- Available data
━━━

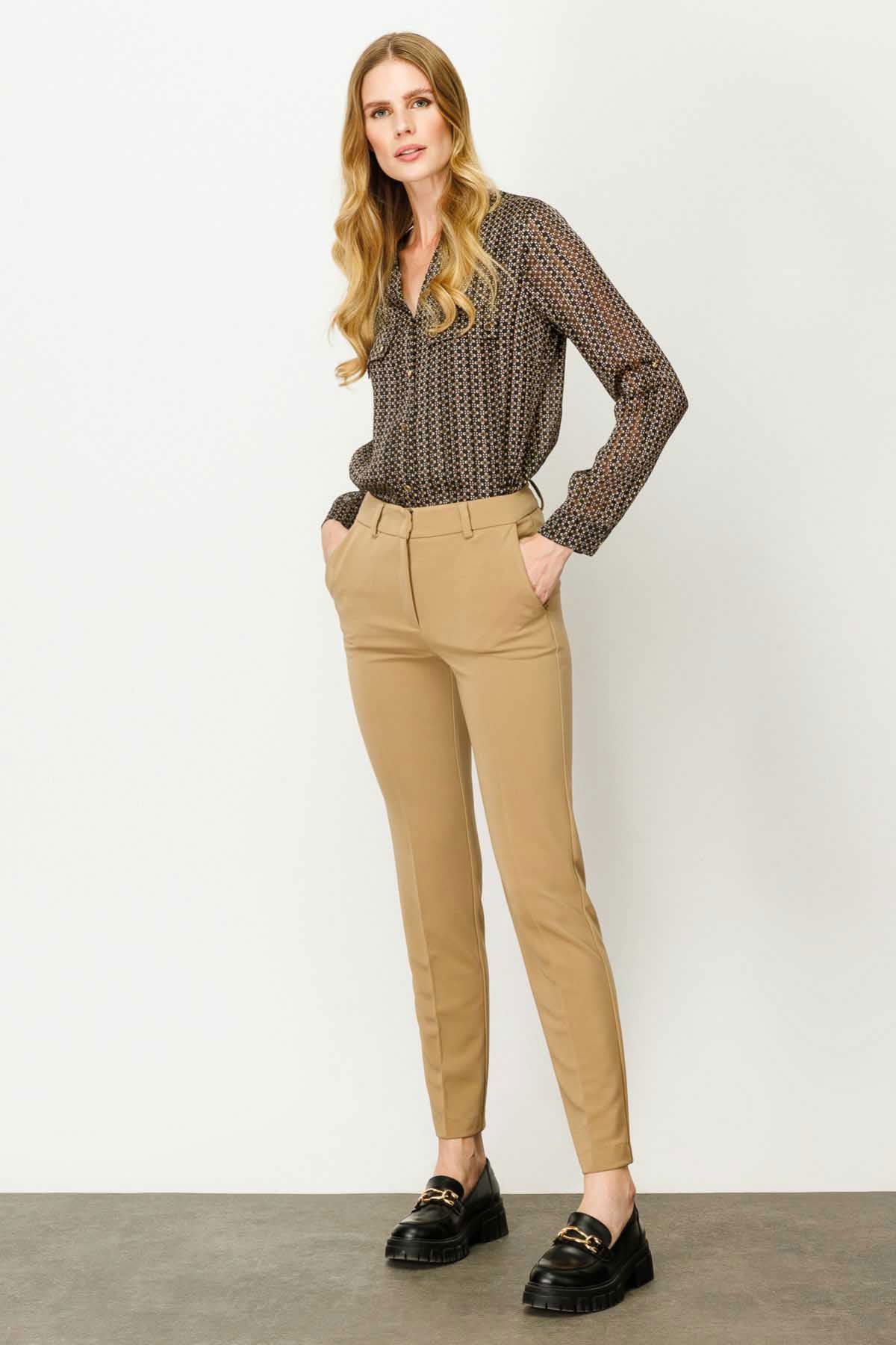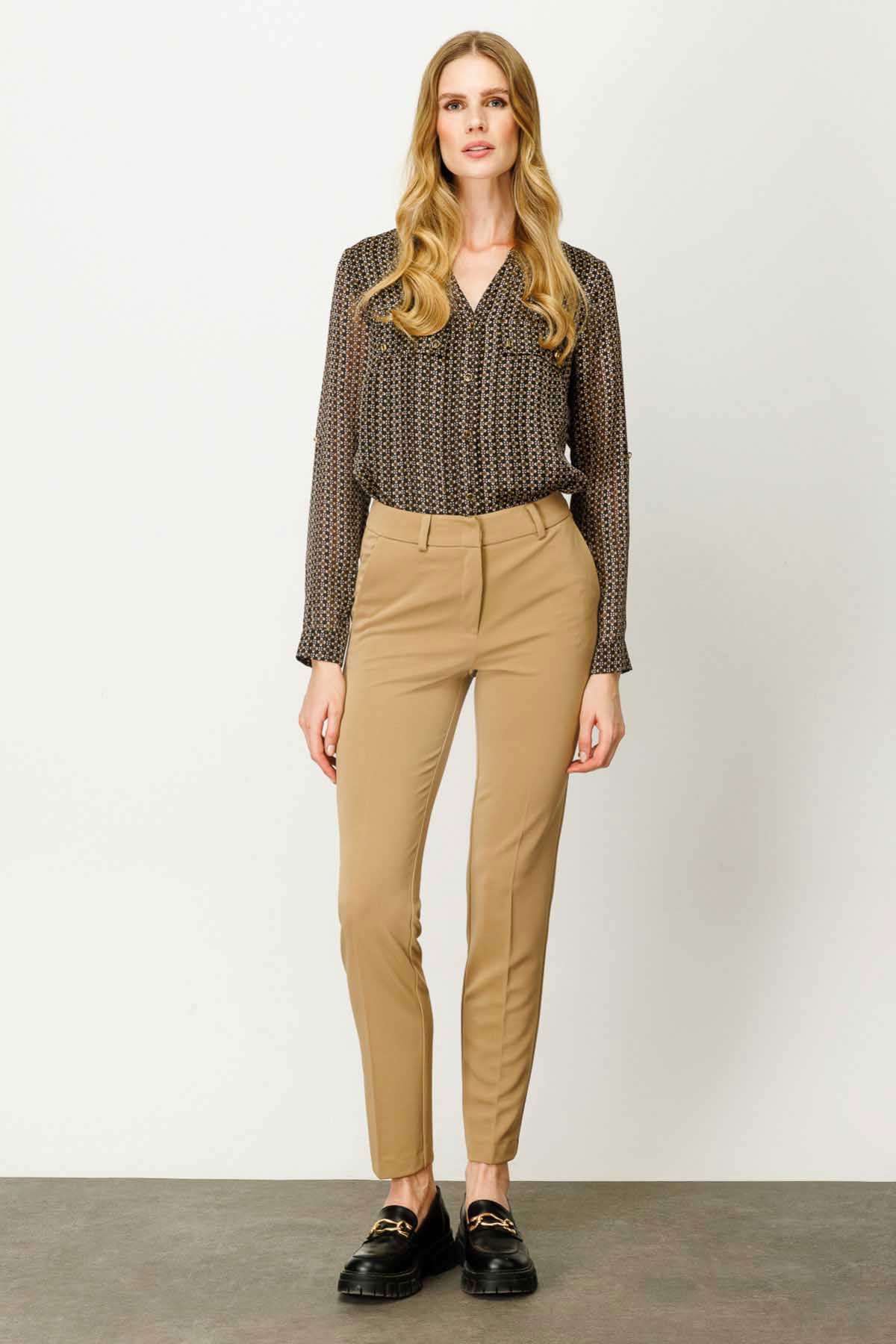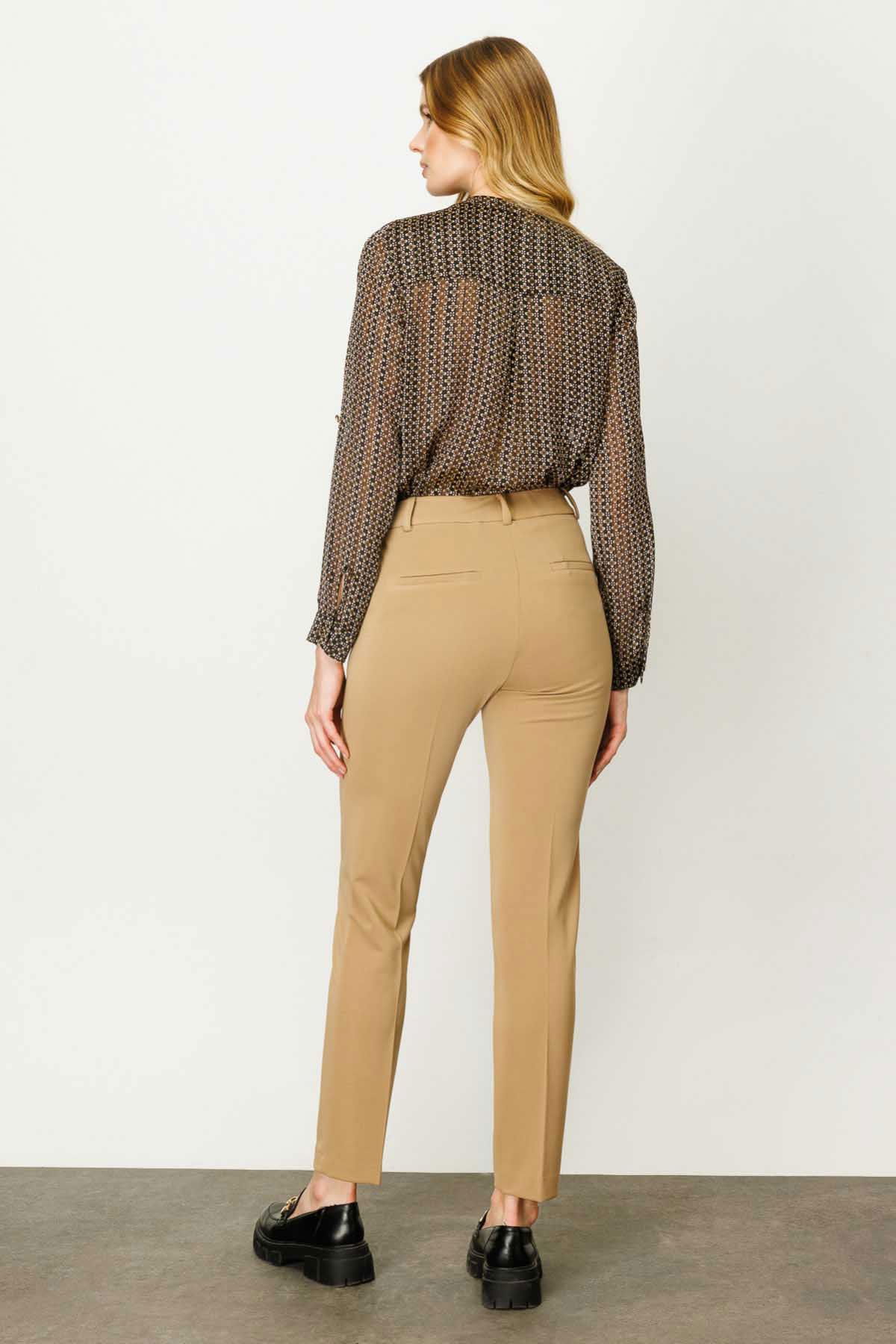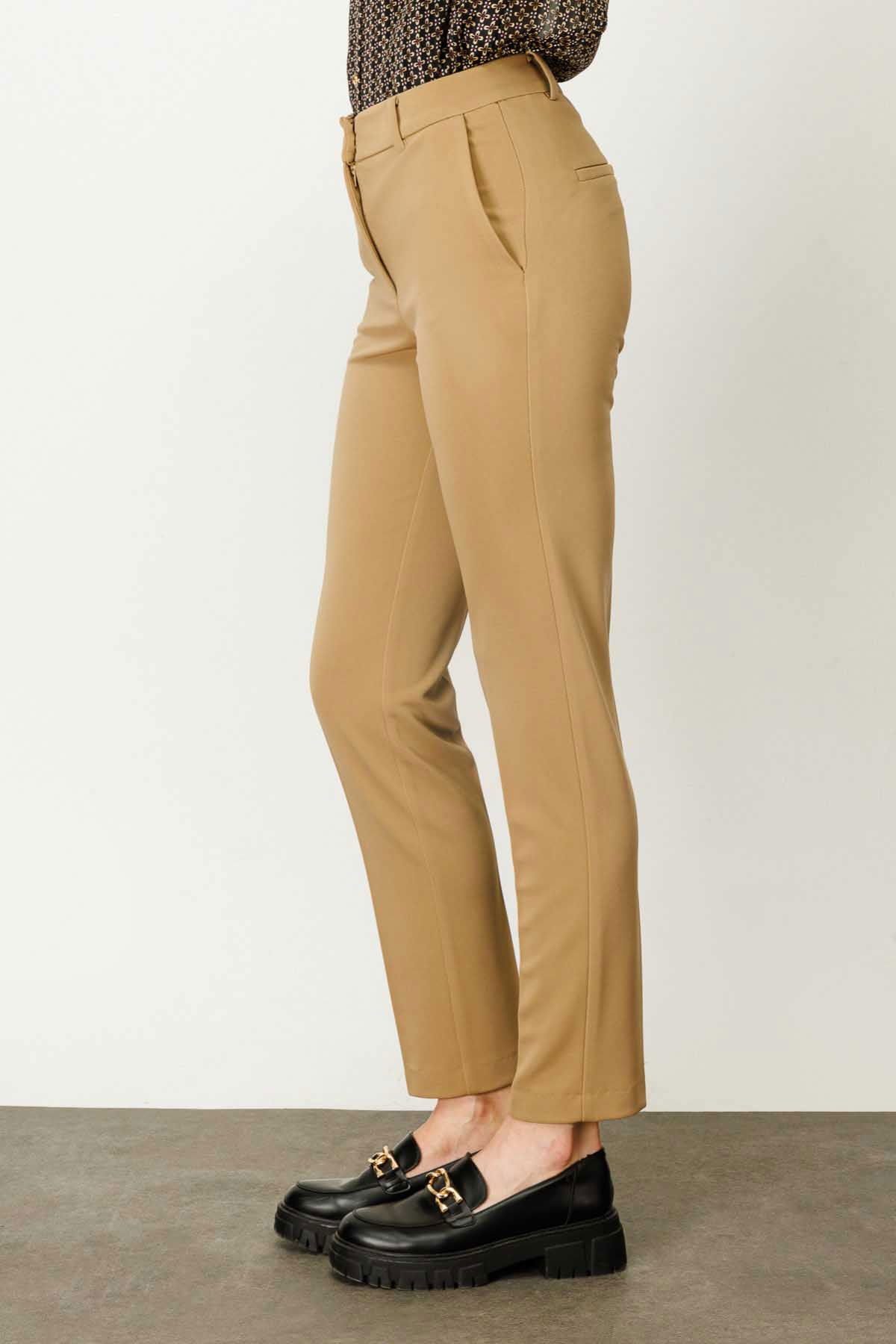 Detay: Dar paça, cepli, ara bel, kendinden dokulu kumaş pantolon;
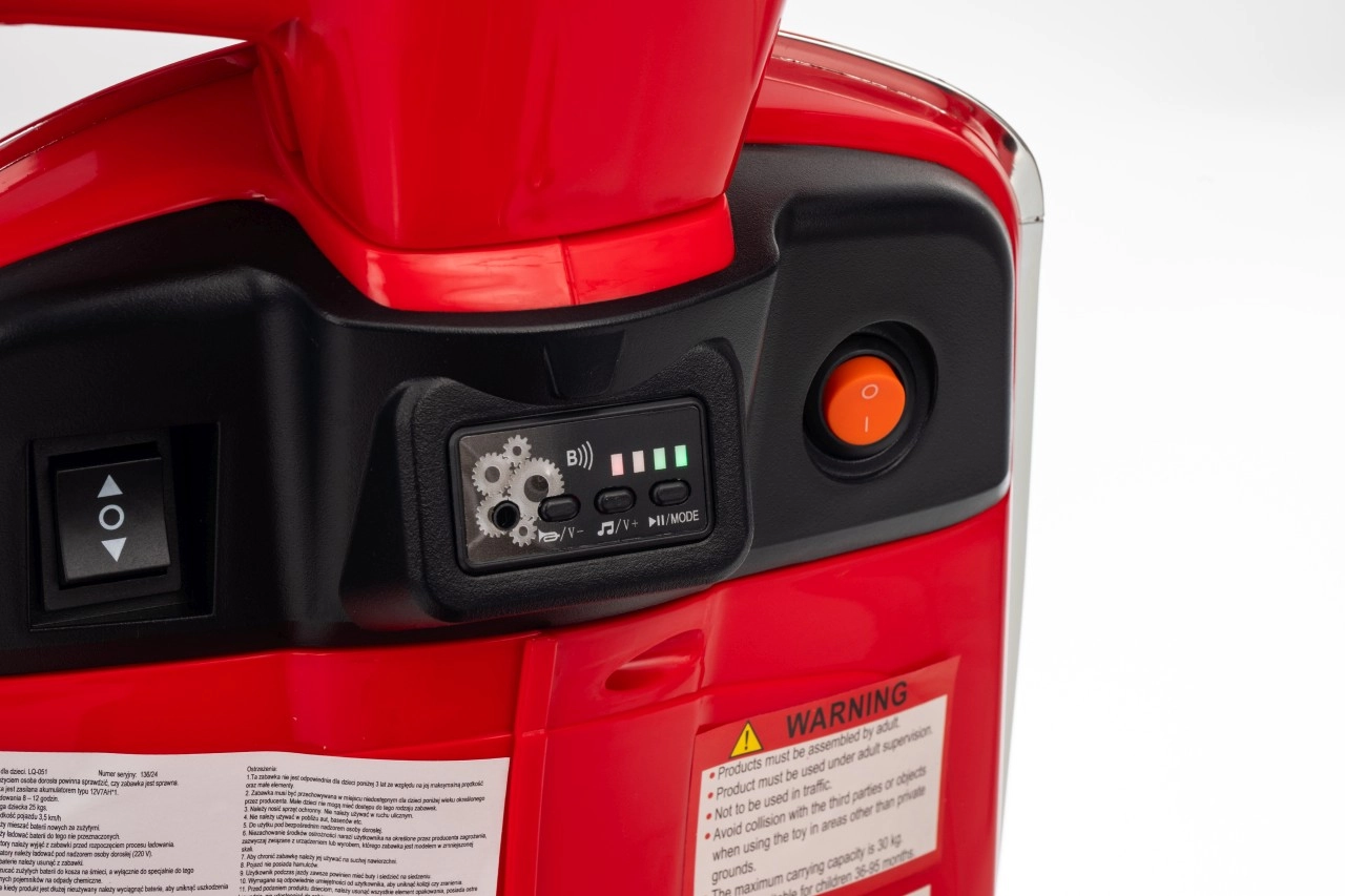 Malí jezdci si užijí zábavu s integrovaným audio panelem – přehrávejte oblíbené písničky přes Bluetooth, MP3 či AUX. Na řídítkách nechybí zvuková tlačítka a klakson, sedlo z ekokůže zajistí pohodlí i při delší jízdě. Indikátor nabití baterie vás navíc udrží v obraze, kdy je čas dobít.
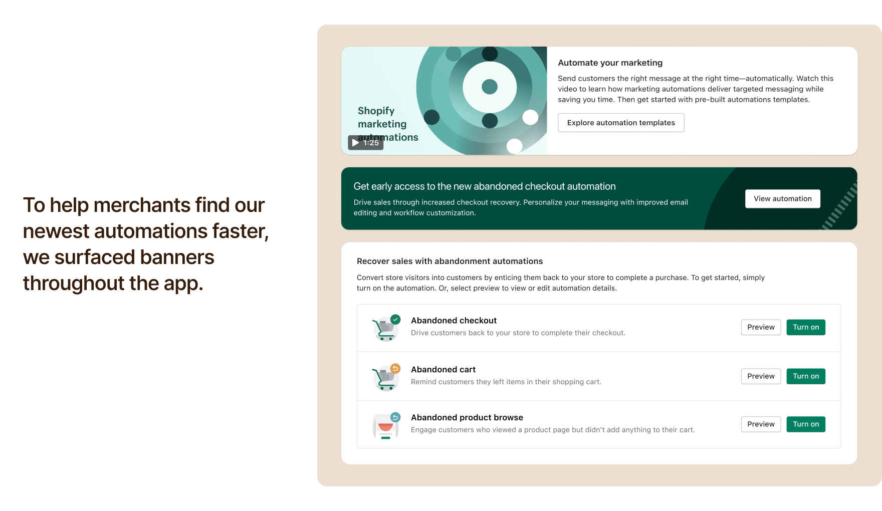 Evolving Shopify’s automations into a multi-channel platform that helps merchants accelerate their marketing.
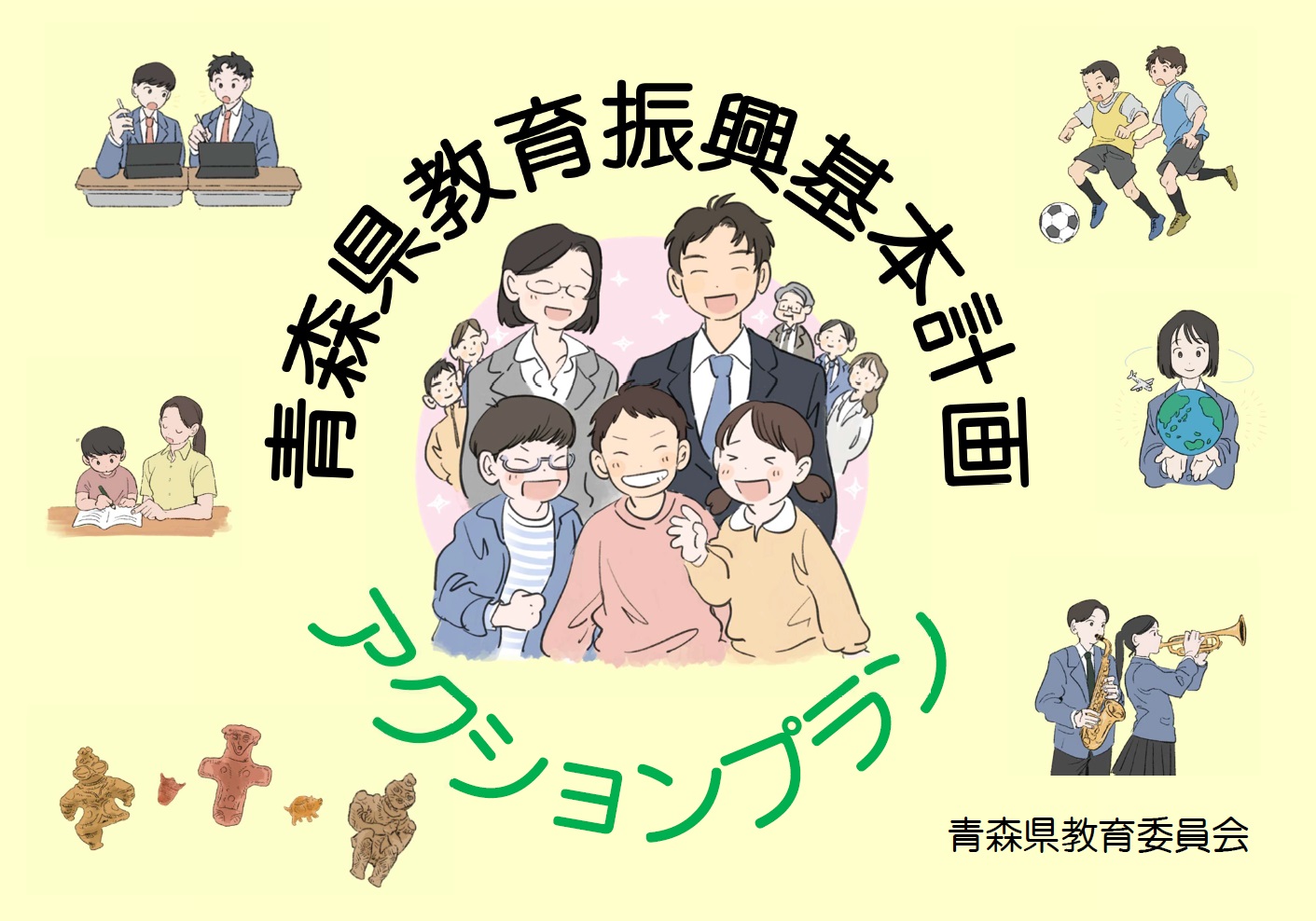 「青森県教育振興基本計画」は、未来を担うこどもたちのために、青森県の教育の方向性や取組を定めた計画です。皆さんに「青森で学べて日本一幸せ」と思ってもらえるよう、県民全体で「こどもまんなか青森」をめざします。

━━━

- Description of the task
Whenever images occur above, omit them and retype each line exactly as it stands.

- Output below
 Detay: Dar paça, cepli, ara bel, kendinden dokulu kumaş pantolon;
 Malí jezdci si užijí zábavu s integrovaným audio panelem – přehrávejte oblíbené písničky přes Bluetooth, MP3 či AUX. Na řídítkách nechybí zvuková tlačítka a klakson, sedlo z ekokůže zajistí pohodlí i při delší jízdě. Indikátor nabití baterie vás navíc udrží v obraze, kdy je čas dobít.
 Evolving Shopify’s automations into a multi-channel platform that helps merchants accelerate their marketing.
 「青森県教育振興基本計画」は、未来を担うこどもたちのために、青森県の教育の方向性や取組を定めた計画です。皆さんに「青森で学べて日本一幸せ」と思ってもらえるよう、県民全体で「こどもまんなか青森」をめざします。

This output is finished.